_LISTED ENTRIES_
-=-=-=-=-
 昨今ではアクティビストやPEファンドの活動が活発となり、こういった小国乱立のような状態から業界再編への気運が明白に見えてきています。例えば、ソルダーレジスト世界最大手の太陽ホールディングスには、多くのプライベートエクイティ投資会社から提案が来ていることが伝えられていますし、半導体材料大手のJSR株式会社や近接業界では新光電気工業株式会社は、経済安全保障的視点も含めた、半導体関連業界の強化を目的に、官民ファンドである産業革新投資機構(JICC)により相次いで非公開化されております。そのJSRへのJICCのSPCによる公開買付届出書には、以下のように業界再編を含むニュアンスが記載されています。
-=-=-=-=-
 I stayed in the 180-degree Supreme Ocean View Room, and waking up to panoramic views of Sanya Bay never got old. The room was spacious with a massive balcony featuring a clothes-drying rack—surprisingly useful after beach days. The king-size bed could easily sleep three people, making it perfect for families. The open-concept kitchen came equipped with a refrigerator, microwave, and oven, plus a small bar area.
-=-=-=-=-
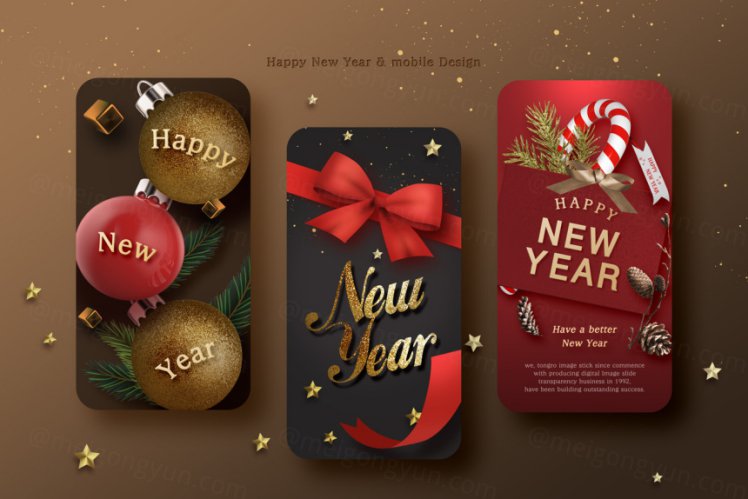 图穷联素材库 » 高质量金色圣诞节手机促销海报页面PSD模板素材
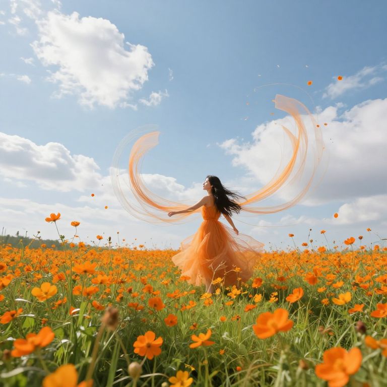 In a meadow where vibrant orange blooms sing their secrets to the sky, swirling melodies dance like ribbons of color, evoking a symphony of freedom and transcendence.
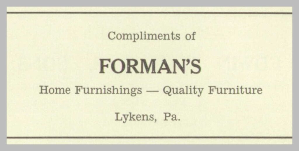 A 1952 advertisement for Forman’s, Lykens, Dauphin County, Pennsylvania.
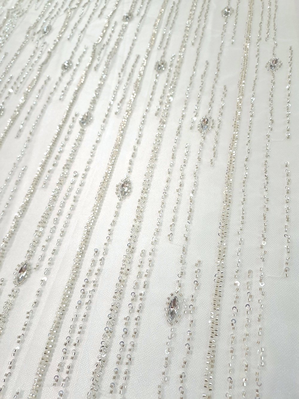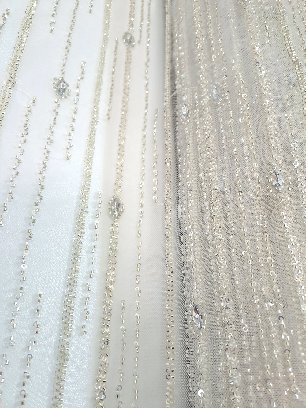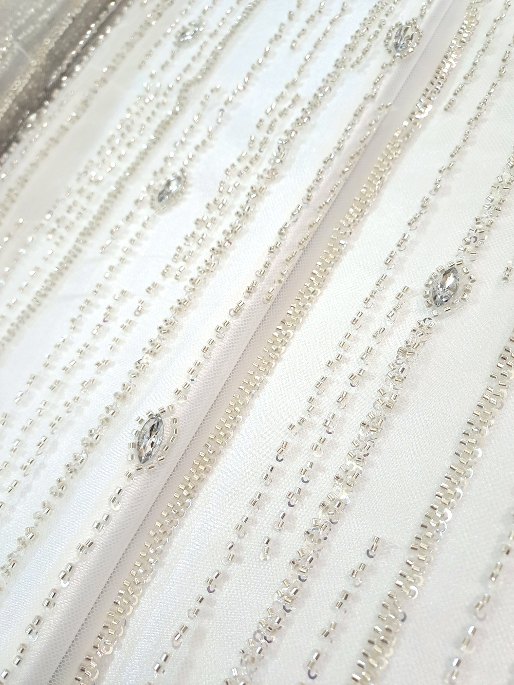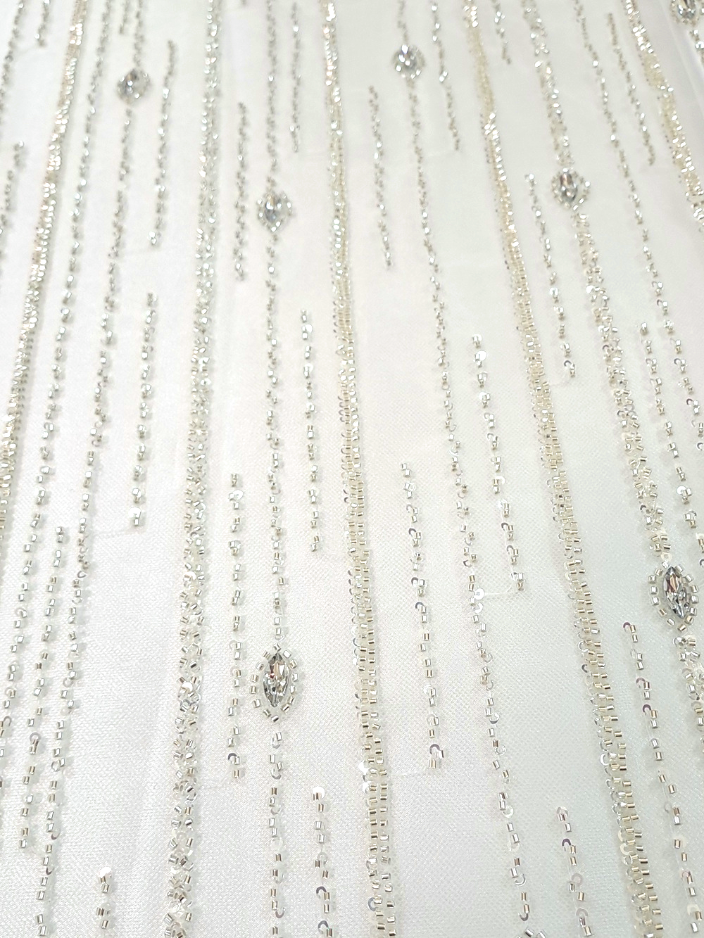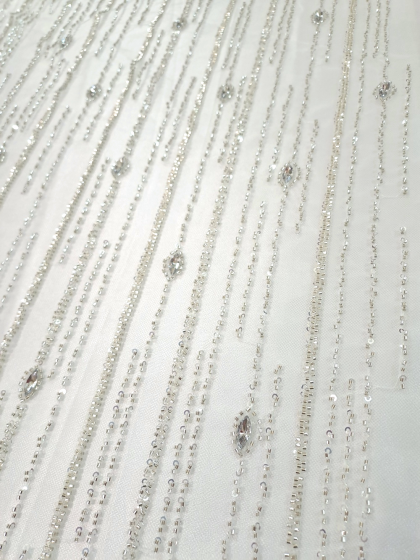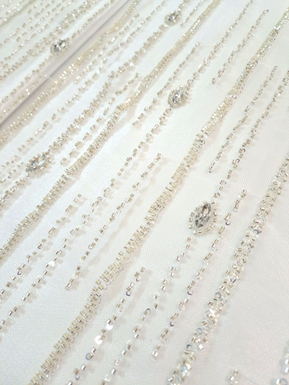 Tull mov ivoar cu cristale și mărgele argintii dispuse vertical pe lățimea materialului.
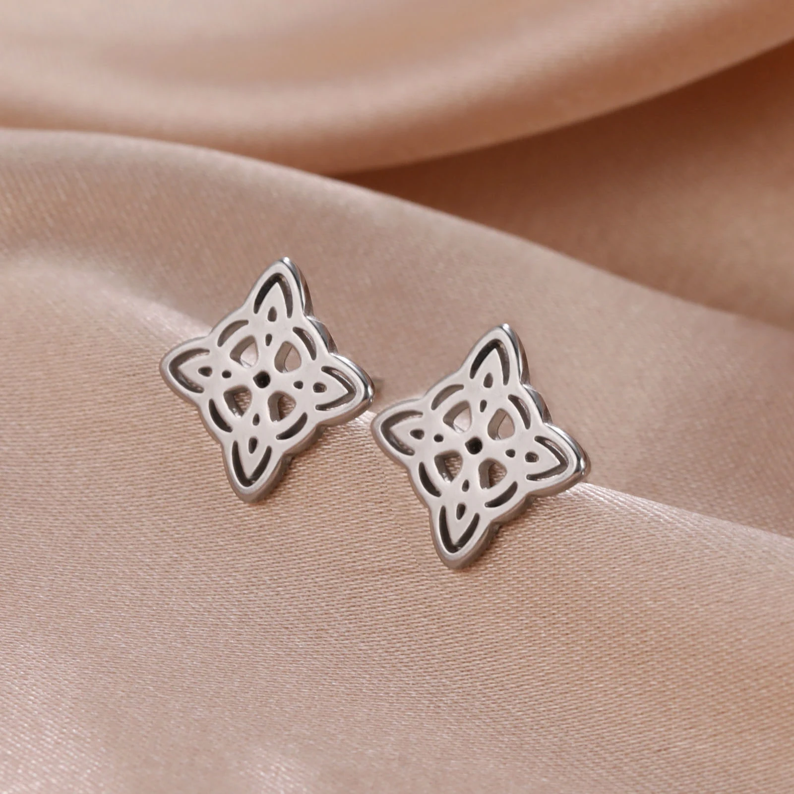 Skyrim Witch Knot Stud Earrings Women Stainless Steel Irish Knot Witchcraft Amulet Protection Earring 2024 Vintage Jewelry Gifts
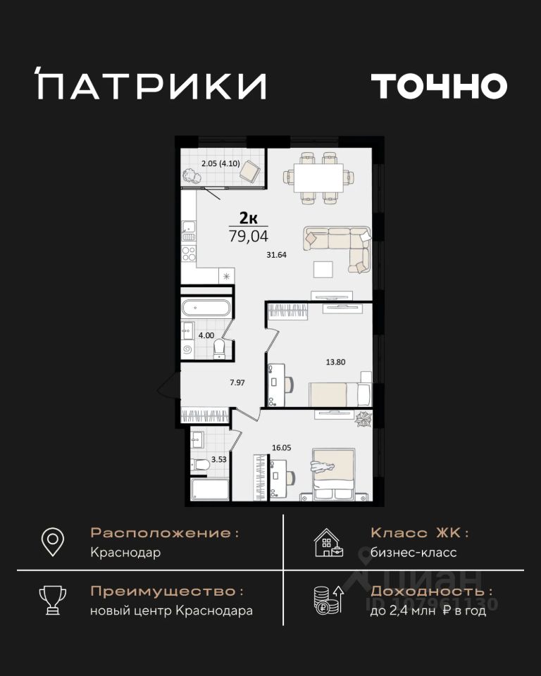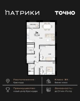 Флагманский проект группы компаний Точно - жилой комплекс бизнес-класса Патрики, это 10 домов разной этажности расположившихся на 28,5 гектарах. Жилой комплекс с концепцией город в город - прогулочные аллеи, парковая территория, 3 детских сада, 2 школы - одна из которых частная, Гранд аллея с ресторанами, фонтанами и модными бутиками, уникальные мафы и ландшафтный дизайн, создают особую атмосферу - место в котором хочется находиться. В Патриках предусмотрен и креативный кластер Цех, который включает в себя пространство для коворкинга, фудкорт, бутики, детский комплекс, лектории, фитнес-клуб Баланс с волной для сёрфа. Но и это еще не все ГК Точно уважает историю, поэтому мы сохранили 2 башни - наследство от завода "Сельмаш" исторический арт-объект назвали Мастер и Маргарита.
-=-=-=-=-
_TASK DIRECTIONS_
What do the entries above read from the line containing "In a meadow" through the line containing "Skyrim Witch Knot"? Output those lines exactly, both ends included, with the pictures left out.

_WRITTEN RESPONSE_
 In a meadow where vibrant orange blooms sing their secrets to the sky, swirling melodies dance like ribbons of color, evoking a symphony of freedom and transcendence.
 A 1952 advertisement for Forman’s, Lykens, Dauphin County, Pennsylvania.
 Tull mov ivoar cu cristale și mărgele argintii dispuse vertical pe lățimea materialului.
 Skyrim Witch Knot Stud Earrings Women Stainless Steel Irish Knot Witchcraft Amulet Protection Earring 2024 Vintage Jewelry Gifts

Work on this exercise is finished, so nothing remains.